# Sage Rats



## yfzduner450 (Dec 28, 2009)

This is just a little bit of what Oregon sage rat whackin' is all about. The fields are literally covered with thousands of them. It's fun for the whole family, since the shooting if from 5 feet to as far as you can shoot.


----------



## Tired Hunter (May 12, 2011)

Duner, PM me.


----------



## Bax* (Dec 14, 2008)

J-

That looks like a hoot! So.... whats the difference between a sage rat and a p-dog? They look like they act the same, but it almost appeared that they were striped?


----------



## yfzduner450 (Dec 28, 2009)

Luke, they are just about the same but the sage rats are usually smaller. They get to about the size of a beer can at the biggest. They are in the same family as "potguts" here. It's the amount of them in a small area that will blow your mind.


----------



## Bax* (Dec 14, 2008)

Im glad you had the chance to get out there and have some fun. Now we need to get to callin some time!


----------



## yfzduner450 (Dec 28, 2009)

Anytime Luke, I went out 2 weeks ago and decoyed one with the dogs. It was pure chaos for what seems like a lifetime, i'm sure it was really one a minute or two.


----------



## Bax* (Dec 14, 2008)

This decoy concept really intrigues me. I'd love to see it in action


----------



## yfzduner450 (Dec 28, 2009)

We will have to make some time when your school schedule lets up a bit. My pup is now a year old and just starting to get a hatred for coyotes.


----------



## Bax* (Dec 14, 2008)

I just finished school a couple of weeks ago!!!! So now I have a bit more time on my hands.

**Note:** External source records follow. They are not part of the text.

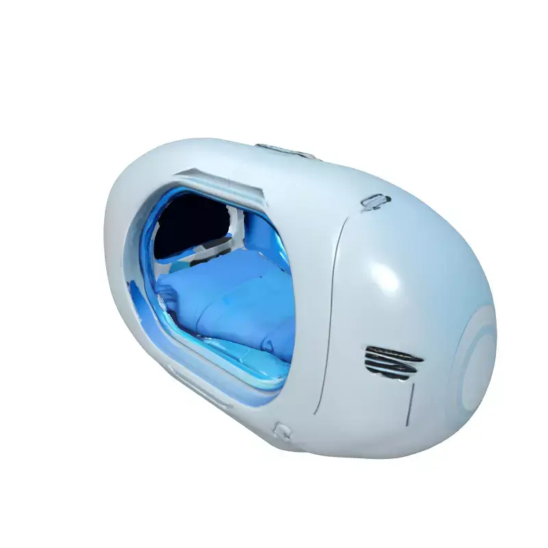 This is a meticulously crafted 3D model of a futuristic sleep pod capsule, designed with a sleek, minimalist aesthetic. The model features a smooth, white exterior shell encapsulating a comfortable blue-lit interior, complete with a mattress and pillow, suggesting advanced comfort and relaxation. Its contemporary design makes it an ideal asset for various applications, including sci-fi game environments, virtual reality experiences, and augmented reality projects where modern or futuristic elements are required. The clean lines and glowing accents also make it perfect for architectural visualizations of advanced homes, luxury hotels, or scientific research facilities. Artists and designers can integrate this model into their digital art compositions or use it for concept designs in various media. The model boasts clean topology, allowing for smooth subdivision and easy integration into any scene, ensuring high-quality renders and optimal performance. It is fully UV unwrapped for efficient texture application and is compatible with PBR (Physically Based Rendering) workflows, ensuring realistic material representation. This model is optimized for real-time applications such as games and AR/VR, while also being perfectly suitable for high-fidelity static renderings and cinematic scenes. Potential file formats include GLB, OBJ, STL, ABC, DAE, FBX, USD, and PLY, providing broad compatibility across different 3D software and engines. Whether for real-time applications or high-fidelity static renders, this sleep pod delivers both aesthetic appeal and technical robustness.
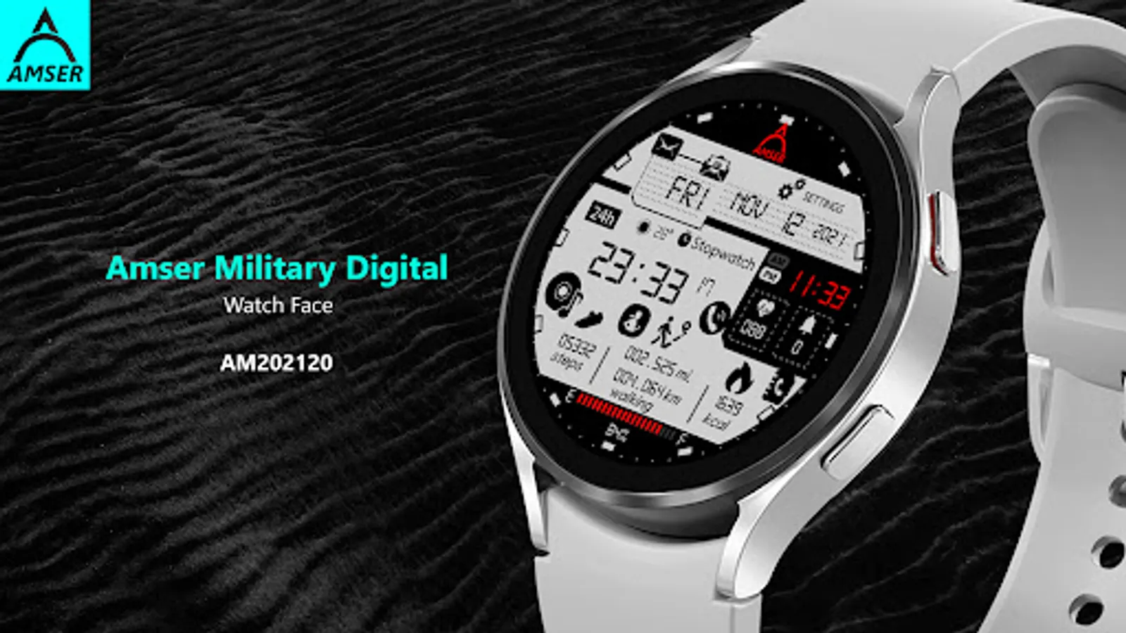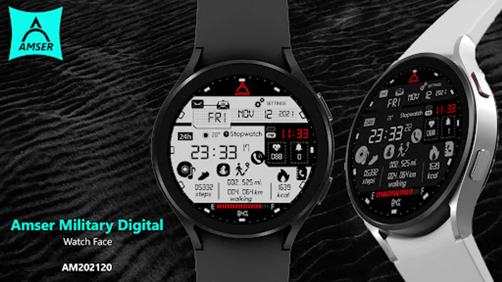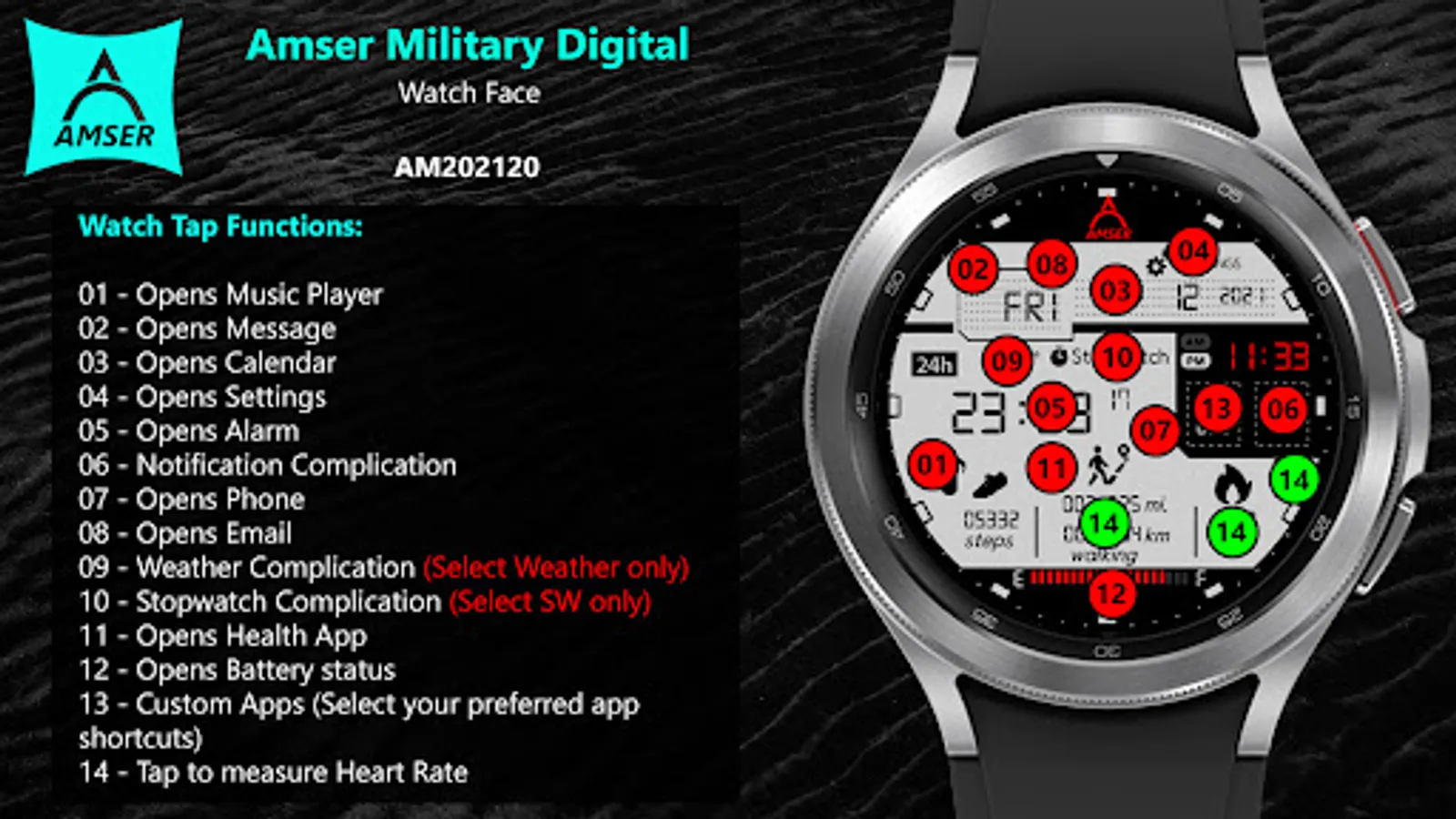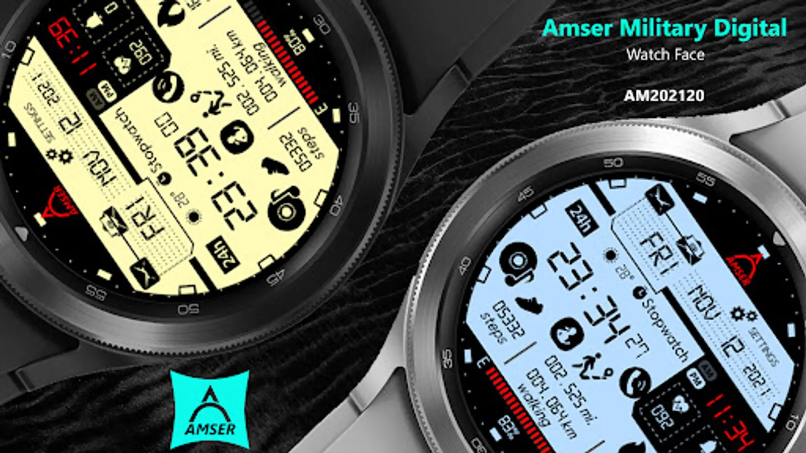 Amser Military Digital Watch Face for Wear OS which supports Samsung Galaxy Watch 4 + Watch Faces for other Wear OS device manufacturers
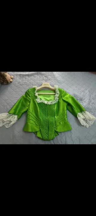 Corpiño de fallera con un diseño elegante y detalles de encaje. - Color verde brillante. - Adornos de encaje blanco en cuello y mangas. Sólo usado unas falla. Poco negociable.
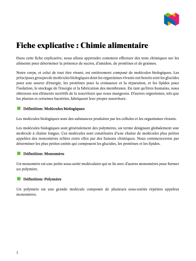 Dans cette leçon, nous allons apprendre comment effectuer des tests chimiques sur les aliments pour déterminer la présence de sucres, d’amidon, de protéines et de graisses.
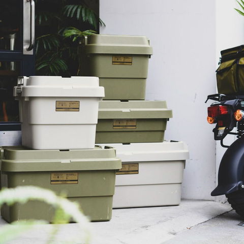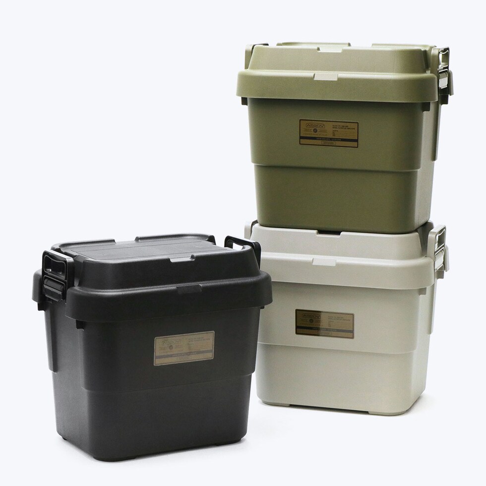 トランクカーゴコンテナからAS2OVのロゴ入りバージョンが登場。こちらは22Lサイズで、サイズ違いで揃えても溝にハマるようになっており、スタッキングしやすい設計。耐荷重は100kgあり、重いものを載せることができます。フタ部分には荷締めベルトが掛けやすい様にベルトガイドを設け、収納時や車載時などの積み込み時により使いやすく機能性が特徴なコンテナとなっています。
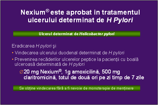 Nexium este aprobat pentru tratamentul ulcerului duodenal si eradicarea Helicobacter pylori in tripla terapie pentru o saptamana fara a mai necesita inca trei saptamani de monoterapie cu IPP.
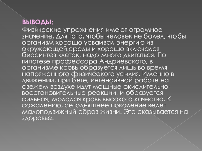 чтобы организм хорошо усваивал энергию из окружающей среды и хорошо включался биосинтез клеток, надо много двигаться. По гипотезе профессора Андриевского, в организме кровь образуется лишь во время напряженного физического усилия. Именно в движении, при беге, интенсивной работе на свежем воздухе идут мощные окислительно-восстановительные реакции, и образуется сильная, молодая кровь высокого качества. К сожалению, сегодняшнее поколение ведет малоподвижный образ жизни. Это сказывается на здоровье.

You'll have to explain why it's good that your dog hates coyotes. I thought they just acted as an attractant to coyotes, do they attack them too?


----------



## yfzduner450 (Dec 28, 2009)

Bax, They have to have a hate coyotes inorder for the dog to be effective. The goal is to have a coyote coming in to the call and have the dog see or smell the coyote and build out to the coyote. Now this is where the "brains" or training comes in, the dog has to know the goal is to get the coyote closer and not just chase to kill. The dog will show some submission and turn tail and head back. The coyote seeing a less dominant dog is on it's territory, it will chase to kill the dog. sometimes the coyote will run all the way back on the first try and sometimes they will check up. This is where the dog needs to get back out there and lure the coyote in. I prefer a more aggressive dog so that they can hold their own when a dominant male coyote comes in. The dog will sometimes have to "fight" it's way back. Also, on cripples I expect my dog to find, bay and catch.


----------



## yfzduner450 (Dec 28, 2009)

Also, you need to check out our dvd, Coyote Dogs 101. It shows the multiple uses for a coyote dog and will show a more "western" style of running dogs. My buddy did all the filming and I did all the editing and production. www.coyotedogs101.com


----------



## Bax* (Dec 14, 2008)

I just checked your link. Is this the guy that you got the badger with?


----------



## yfzduner450 (Dec 28, 2009)

yep, same guy. He's over ran with badgers.


----------